W Krakowie po czterech wybuchach i pięciu rannych osobach w ciągu trzech tygodni nadal panuje strach. Policyjna specgrupa robi wszystko, by jak najszybciej złapać człowieka terroryzującego południowe dzielnice miasta – zapewniają funkcjonariusze. Tymczasem mieszkający niedaleko jednej z ofiar wybuchu mężczyzna poinformował dziś reportera TVN, iż trzy razy dzwonił na policję, prosząc o interwencję w sprawie podejrzanego osobnika kręcącego się koło posesji jego sąsiada. Bez skutku.

- Jeszcze przed pierwszym wybuchem mówiłem o człowieku, który miał jakiś pakunek czy worek – zapewnia informator. To na podstawie jego zeznań sporządzono jeden z opublikowanych portretów pamięciowych poszukiwanego.

- To dla nas nowe informacje – zapewniała Katarzyna Cisło z biura prasowego Komendy Wojewódzkiej Policji w Krakowie. - Będziemy to sprawdzać. Jeśli ta osoba dzwoniła na telefon alarmowy, nagrania odszukamy. Dodała też jednak, że jeśli do tej interwencji doszło jeszcze przed pierwszym wybuchem, być może rzeczywiście po prostu zdarzyło się tak, że akurat wszystkie radiowozy były w terenie.

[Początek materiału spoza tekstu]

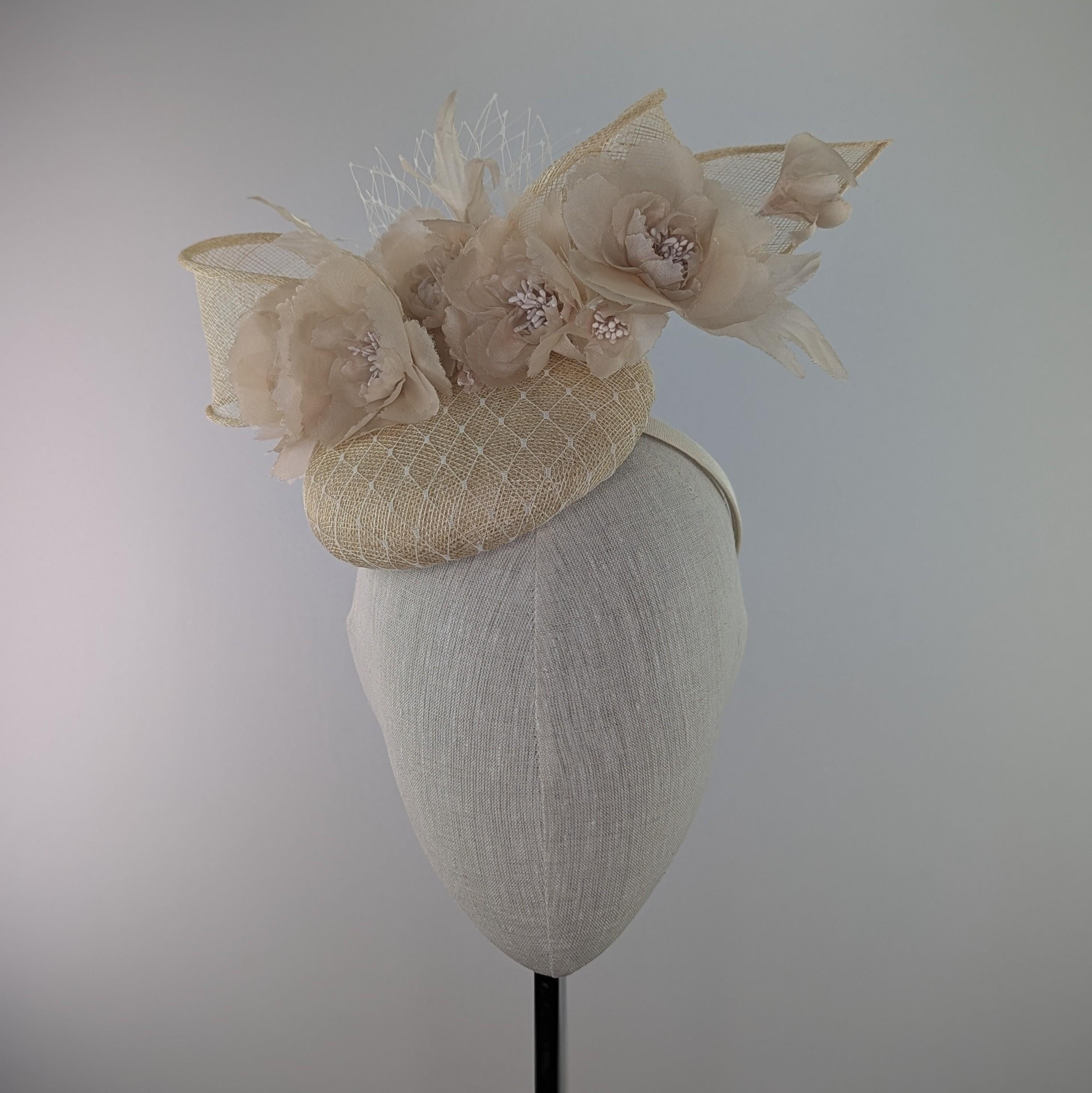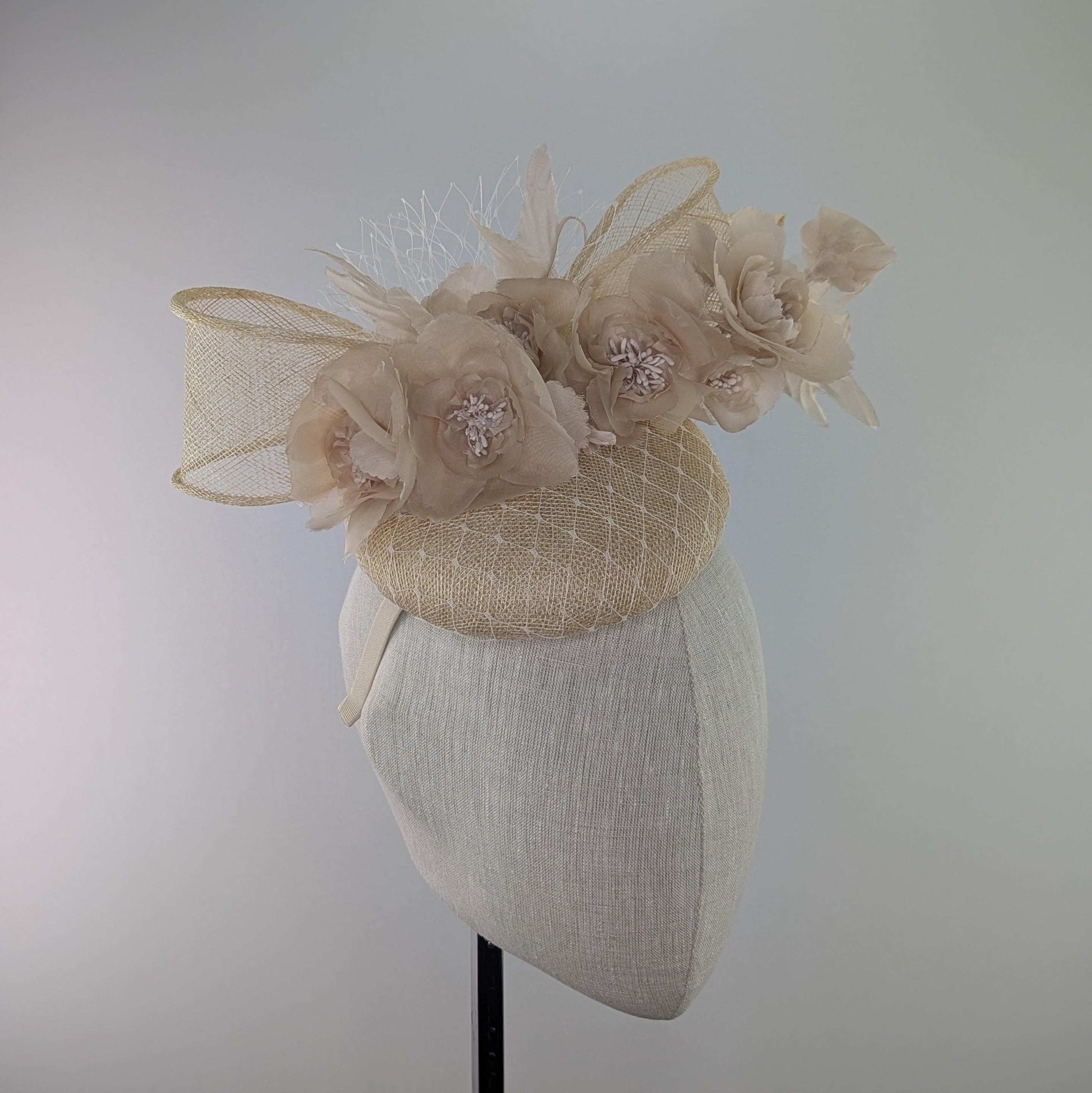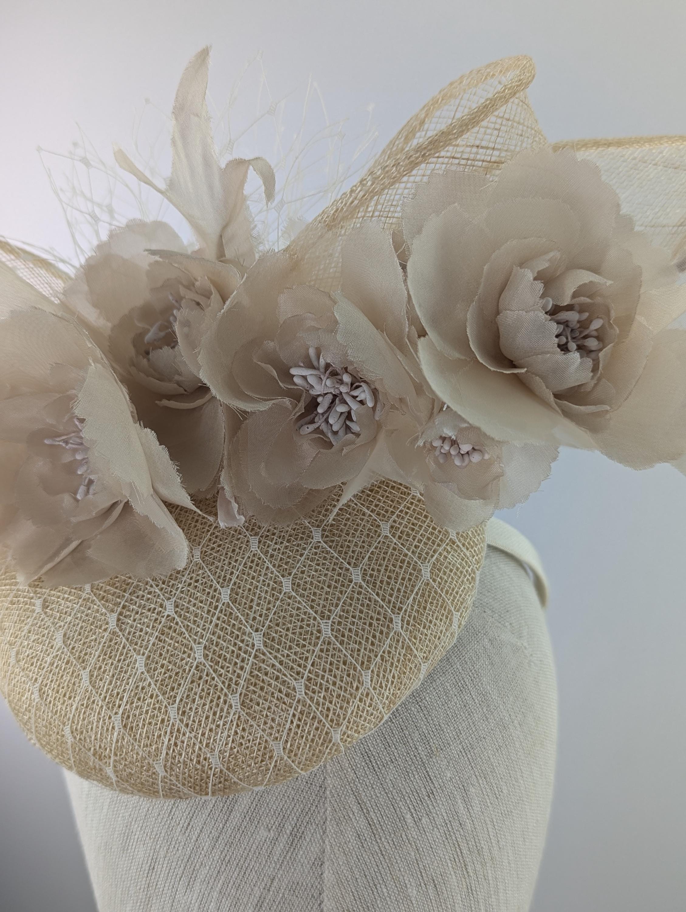 I made the base in natural undyed sinamy straw, added a white veiling overlay, with fabulous silk millinery flowers adorning it. The vintage look veiling flourish is a lovely soft finishing touch. It measures 6" across.

Nad sprawą bombera, który terroryzuje Kraków, pracują pirotechnicy, funkcjonariusze Centralnego Biura Śledczego, prokuratorzy i Agencja Bezpieczeństwa Wewnętrznego. Wzrosła także nagroda za udzielenie informacji, która może pomóc w złapaniu sprawcy - z 20 do 30 tys. zł.